Survey: In-House Can't Handle a Social Media Crisis

By Jonathan R. Tung, Esq. on November 20, 2015 | Last updated on March 21, 2019

Some sobering yet expected data came out of global communications research and consulting firm Weber Shandwick. According to the data, lawyers in both the U.K. and the U.S. agreed that firm reputation was a company's most valuable asset with a 91 percent agreement; and that social media greatly increased the chances of an all out-crisis (85 percent increase).

And yet, for some reason, the very same pool of lawyers seem to think that the purported social media crises they all seem to agree is a problem is not their problem, but someone else's. This illusory superiority example goes to show that even lawyers aren't immune to self-delusion.

The Social media Crisis Report

KRC Research and Weber Shandwick worked together to gather and analyze data for a report which laid out the responses of 100 senior and mid-level lawyers who work as in-house counsel for Fortune Global 1000 -- in a word, BigLaw. The KRC and Weber also worked with 50 attorneys on each side of the pond who personally advised their companies on risk, brand evaluation and protection.

The News Looks Grim

Of those surveyed, about a fifth reported that their own company experienced a social media crisis during their tenure. Fallout usually resulted in layoffs and a hit to morale.

In-house counsel was particularly inept at social media crisis planning with only about half having devoted even minimal time at all to social media training and preparation.

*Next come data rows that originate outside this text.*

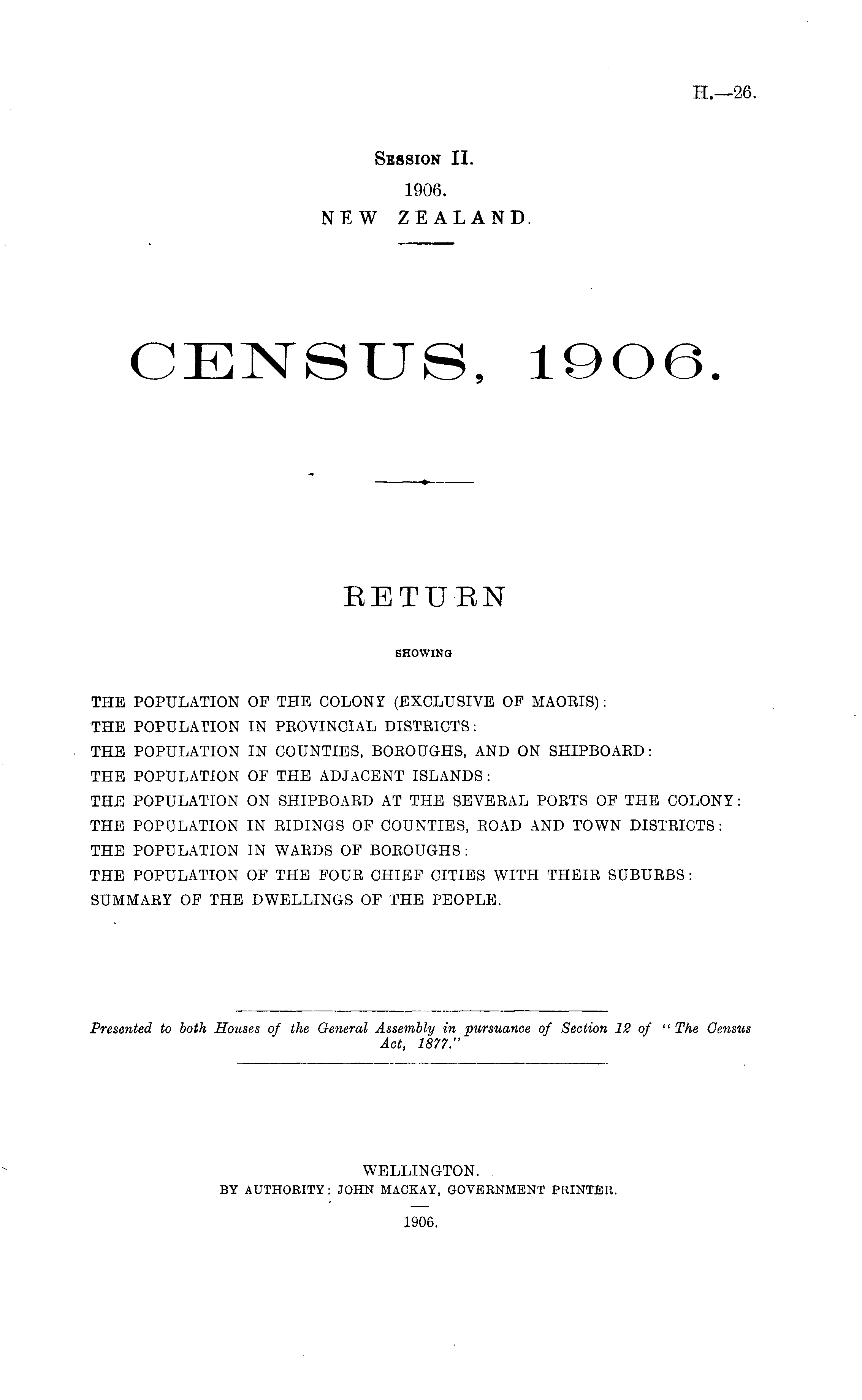 WELLINGTON. BY AUTHOBITY: JOHN MAGKAY, GOVERNMENT PRINTER. 1906.
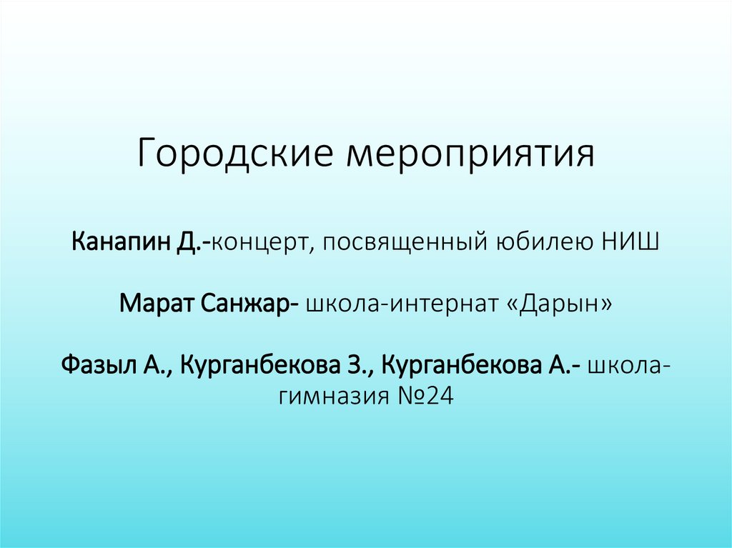 Городские мероприятияКанапин Д.-концерт, посвященный юбилею НИШ
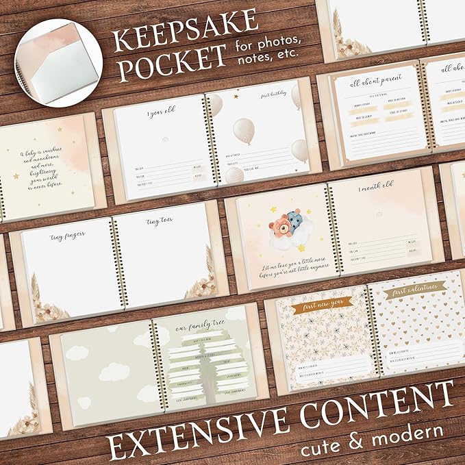 - Perfect Gift for baby shower, easy for busy moms and dads to document baby’s milestones. First 5 Year Baby Book Carefully Designed for Modern Families. Our Baby Memory Book provides ample space to write baby's growth. 12 monthly & 24 Memorable firsts and holidays stickers. Baby Journal with keepsake pocket to hold items (photos, notes, etc). Includes a Beautiful Protective Keepsake Cover.
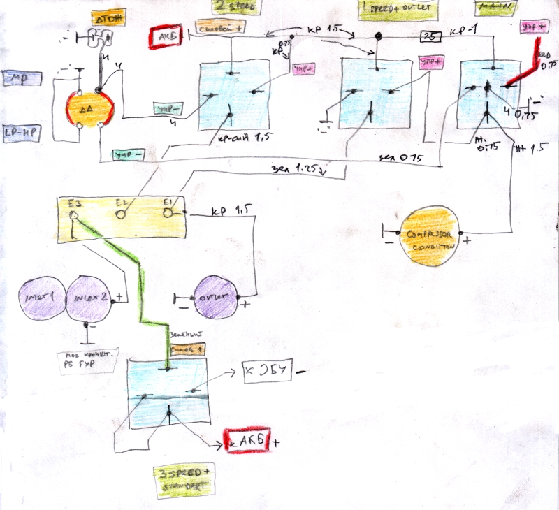 Я остановился на схеме с тремя реле. Первое – «главное реле», второе – вентилятора конденсера и второй скорости вентиляторов радиатора и третье – вторая скорость вентиляторов радиатора. Есть еще четвертое реле – штатное на 70А вентилятора охлаждения. Оно у меня управляется ЭБУ КМСУД, и оставлено выполнять свои привычные функции. По достижении 95 градусов ОЖ оба вентилятора включаются на полную мощность именно через него.
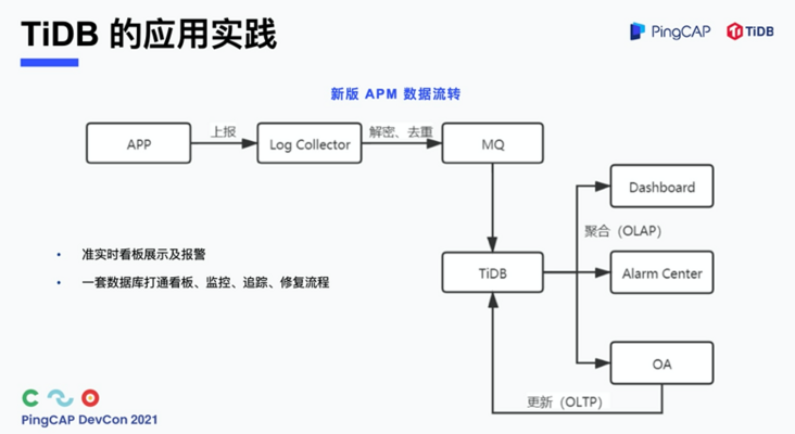 再来看引入了 TiDB 之后的新版 APM 数据流转,可以看到从 APP 的上报,到看板展示,到报警,再到流程工单,实现分钟级的准实时看版展示和报警。这部分主要是借助了 TiDB 的 HTAP 能力,通过聚合分析向看版进行展示,向报警中心进行及时的报警。同时,利用 TiDB 的 OLTP 能力进行看板的行更新。所以,我们可以通过一套 TiDB 数据库打通看版、监控、问题的追踪和修复流程。
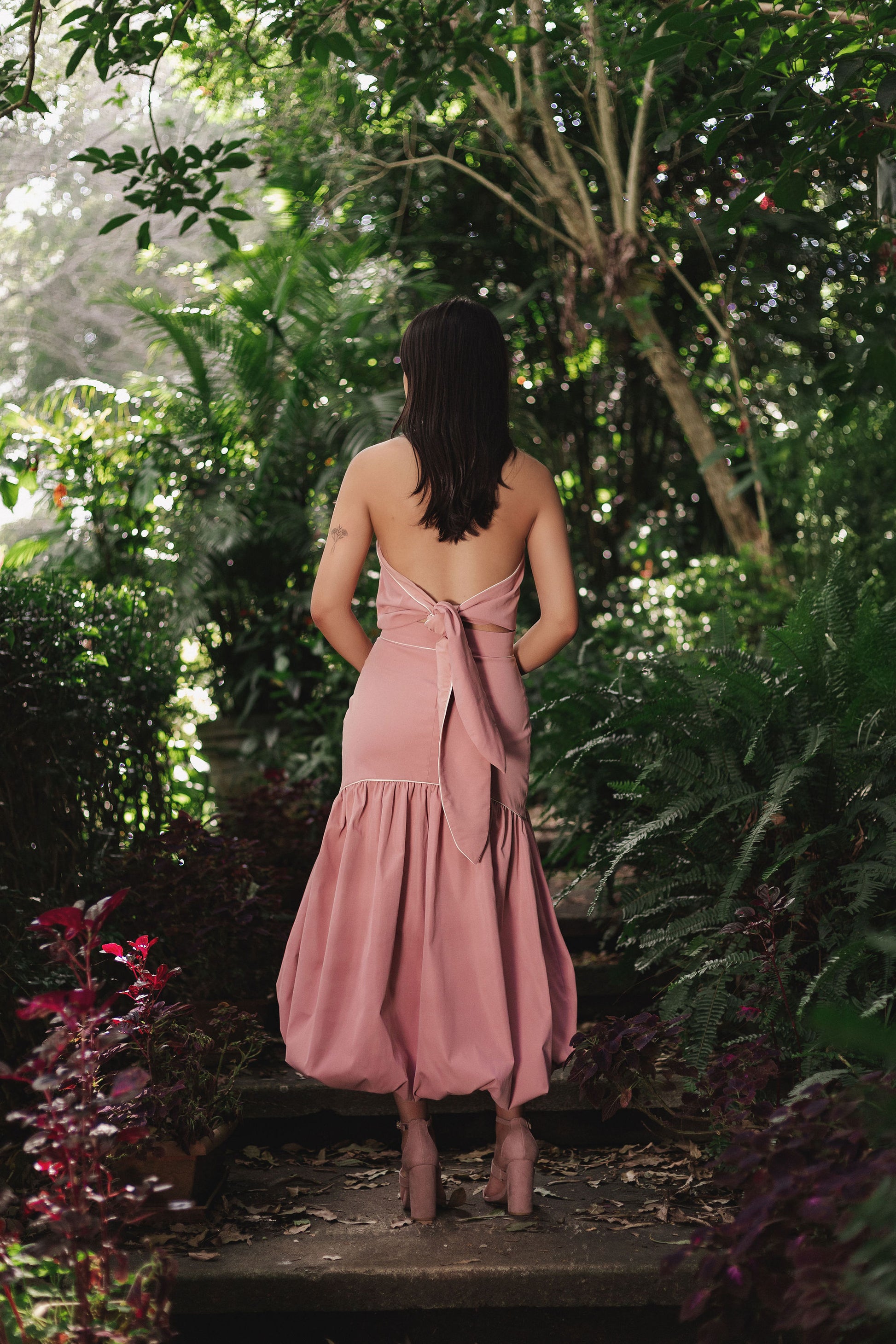 Este set está diseñado para destacar con sutileza y elegancia. Su falda midi tipo globo aporta volumen y movimiento, mientras la blusa de cuello alto y espalda descubierta equilibra el look con un toque sofisticado y moderno. Un conjunto pensado para mujeres que aman sentirse románticas, auténticas y únicas.
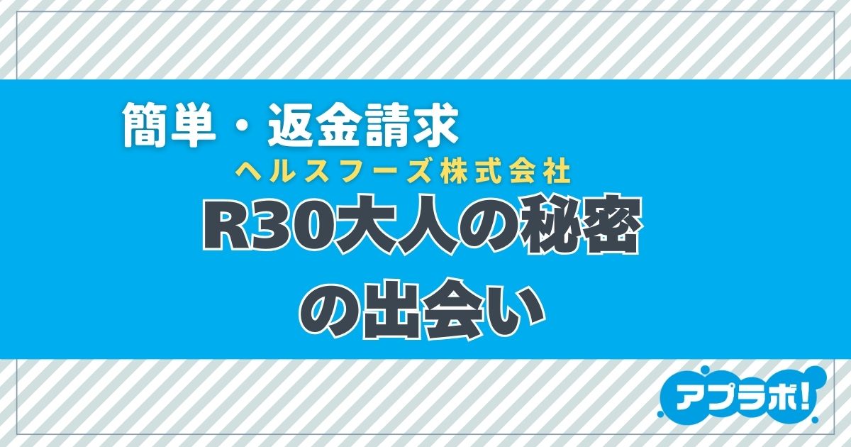 今回徹底検証するのはヘルスフーズ株式会社が運営する出会い系サイト「R30大人の秘密の出会い」です。
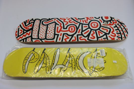 An as new Palace skateboard with banana design (Board may have some minor scratches) and a pre-owned The Skateroom x Keith Haring skateboard (Board has damage to the top and bottom).
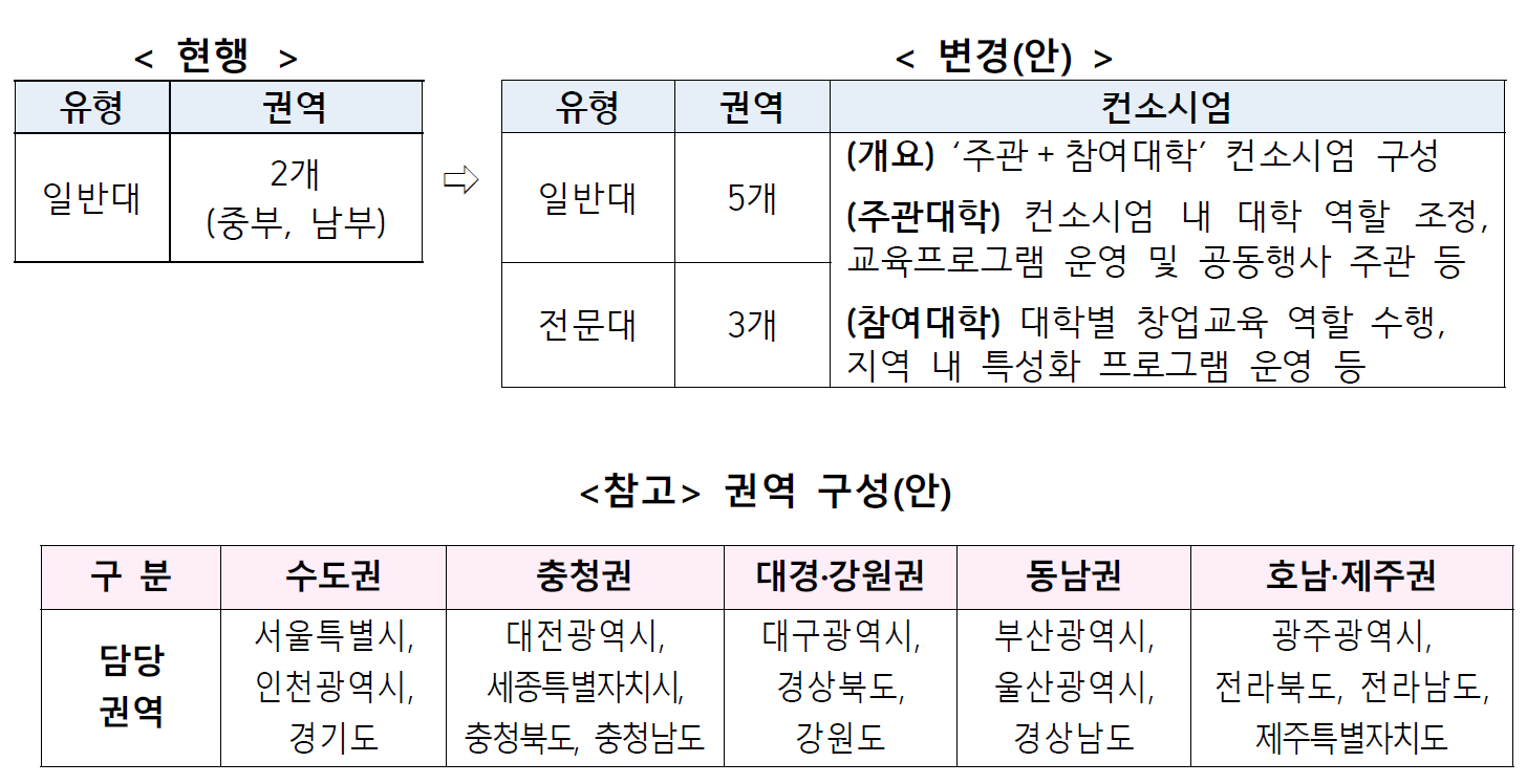 올해부터는 대학 간·지역 간 창업교육 격차를 해소하고 지자체 등 지역 창업 주체와의 연계를 강화하기 위해 기존 2개 권역으로 운영되었던 창업교육 거점대학을 5개 권역으로 확대·개편하여 총 8개 연합체(컨소시엄, 일반대 5개, 전문대 3개)를 선정한다. 또한 사회진출이 빠른 전문대의 특성을 고려해, 전문대 유형을 신설하여 전문대 특성화 분야별 실전형 창업교육 프로그램 및 마케팅·시제품 제작 능력 중심의 교육과정 개발을 지원할 예정이다.
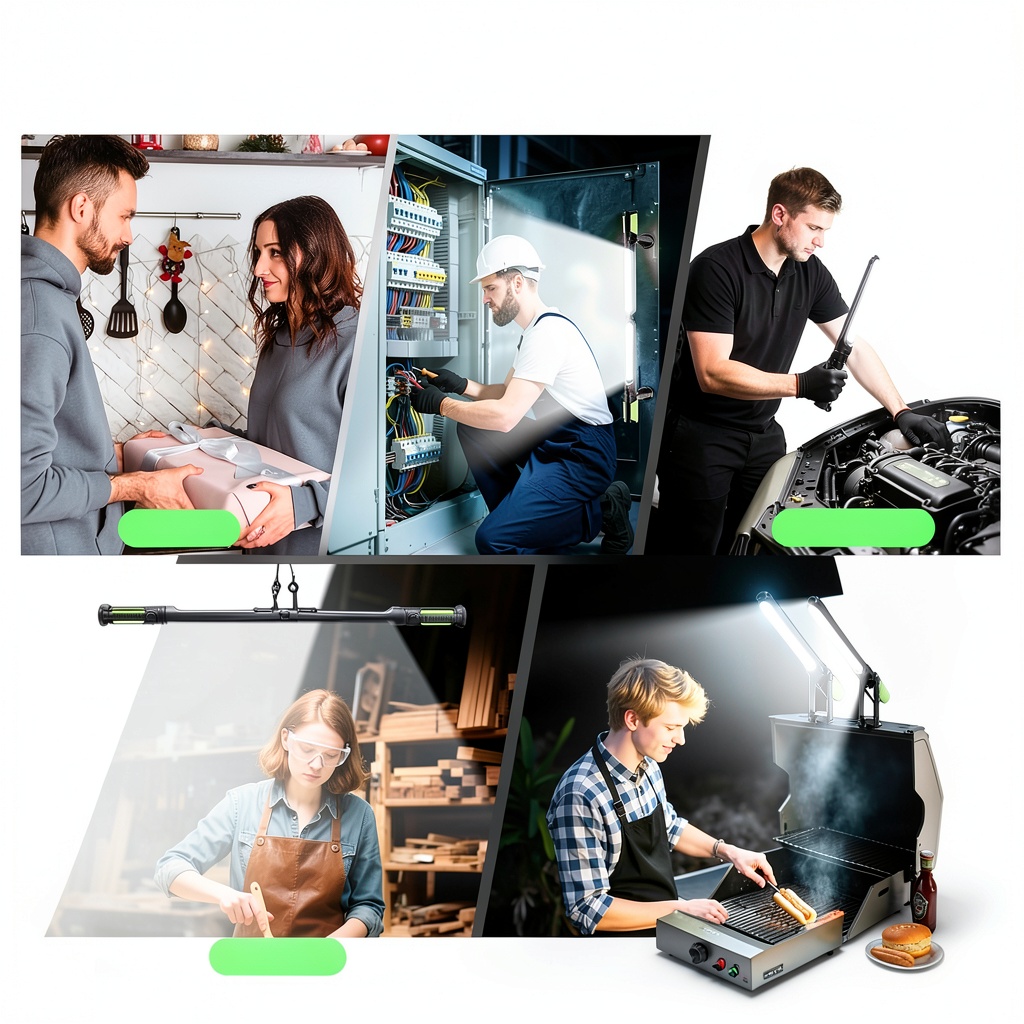 This work light is ideal for automotive repairs, such as underhood inspections, engine diagnostics, and brake work, where magnetic attachment to metal surfaces ensures stability. In workshops, it serves for machinery maintenance, woodworking, or electrical tasks, while construction sites benefit from its durability and red flashing emergency mode for safety. Target users include mechanics, car detailers, construction workers, and home DIYers seeking efficient, portable lighting solutions.
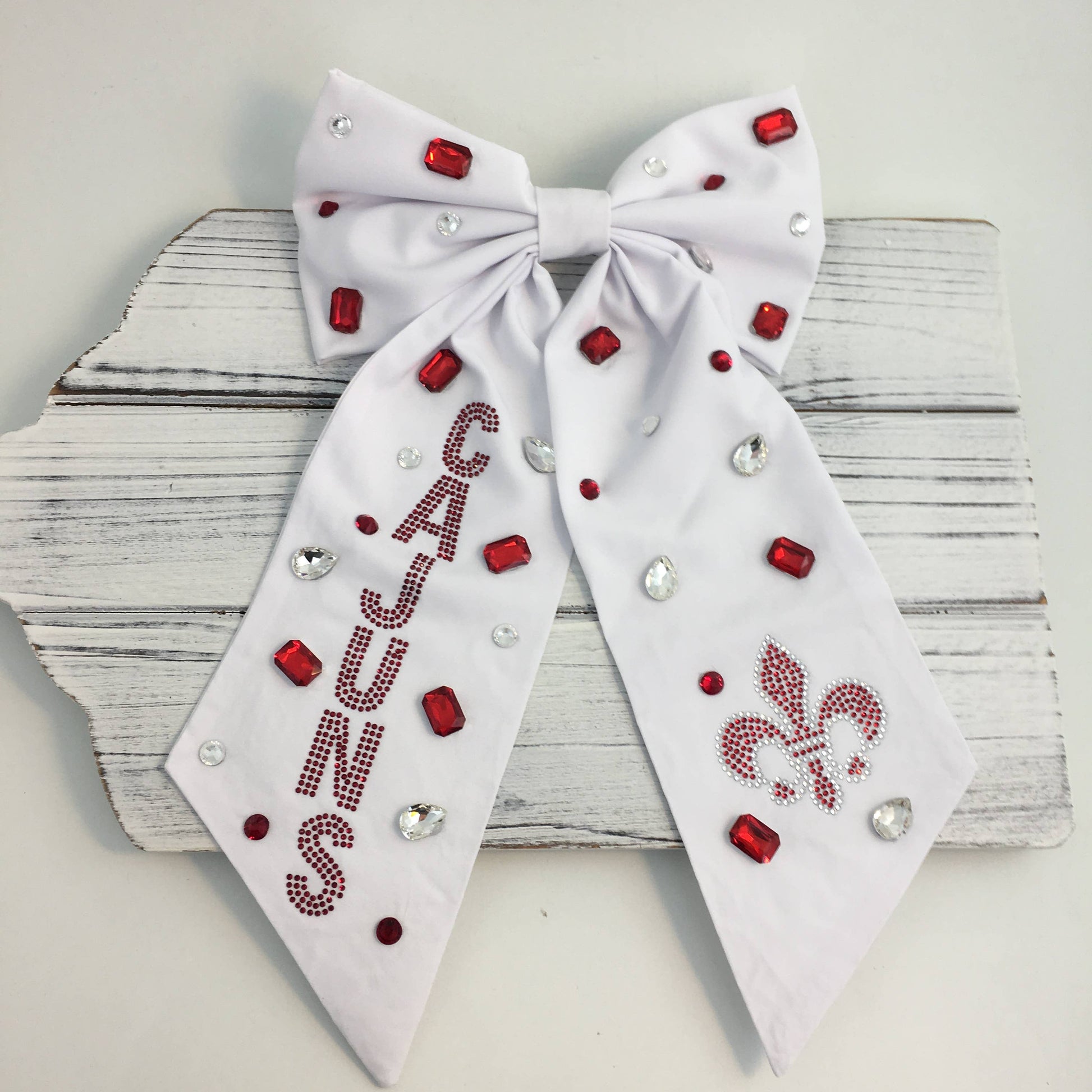 This is our gorgeous rhinestone Cajuns hair bow! This item is so cute and bold! It measures 6.5 inches across and 12 inches from top to bottom. Find more Cajuns items in our NOLA/Louisiana collection!
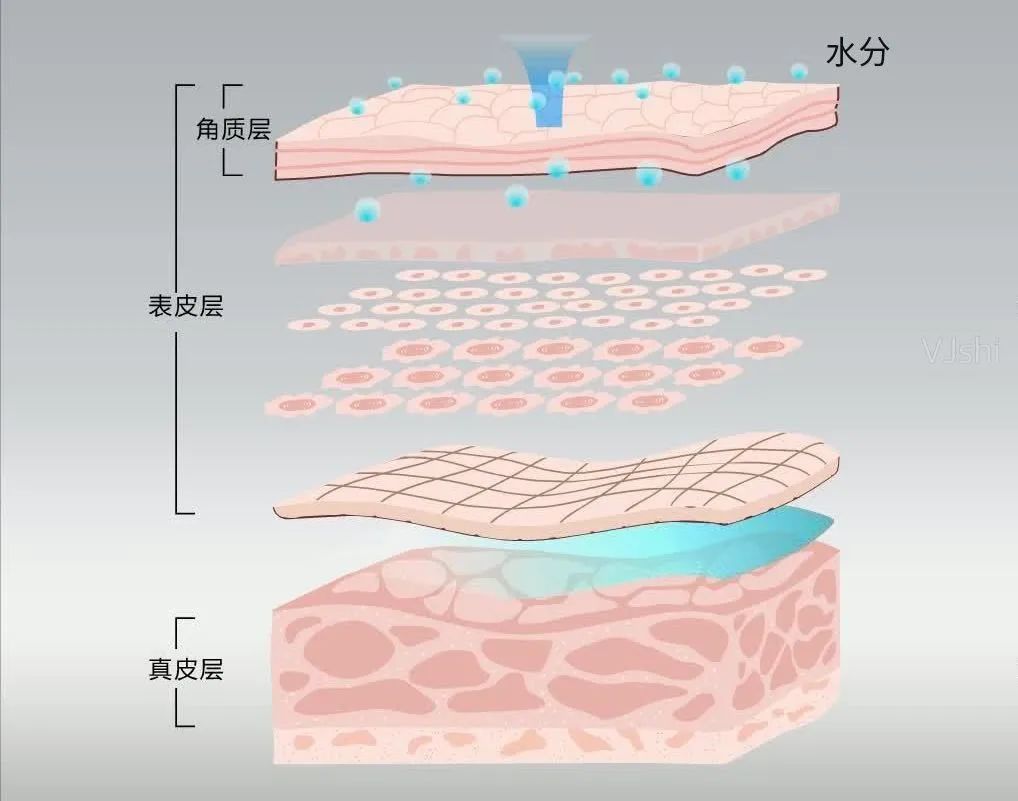 一定要注意,皮肤只有表皮层中的角质层才会缺水。某些保湿产品宣称可以为真皮层补水,基本是不靠谱的,角质层的主要作用就是阻挡水分,水分不可能通过外用到达真皮层。

What this basically means is that while BigLaw firms are increasingly at risk for cybersecurity attacks and social media blowups, only about half of in-house counsel devoted any time to handling an all-out attack on their company's reputation. About half of the attorneys surveyed said that their company devoted zero time to the issue of social media crisis preparation.

False Sense of Security

Inexplicably, the same group of lawyers (9 out of 10) said that it was not likely that their company would experience a social media crisis that would cause a legal risk in the next year.

Thus, the grand majority of attorneys agree that reputation is the most important company asset and that social media reputation attacks are an increasing problem. Simultaneously, they have virtually no training in social media crisis management and have no intention of changing their plans because they all think that they will never be faced with an online reputation problem. That sort of thing only happens to other companies, you see.

The problem with that logic is that one of the remaining 100 will almost definitely be thinking the exact same thing. It almost makes us wonder why there was so much panic in the air at last month's ACC meeting on cybersecurity. Surely a social media snafu would be a mere trifle? Illusory superiority is good for ego, but it's not a good business practice.

As BigLaw in-house lawyers spend time convincing themselves that their reputations are iron-clad, some disgruntled client could be writing the viral piece that could tarnish a company's reputation. It's high time that in-house lawyers get with the program, take online reputation management seriously, and look into creating a game plan to put into action if some unfortunate tweet about the company hit them all in the face with a reality check. Your first step, however, shouldn't be to hire some fly-by-night "reputation management" dude.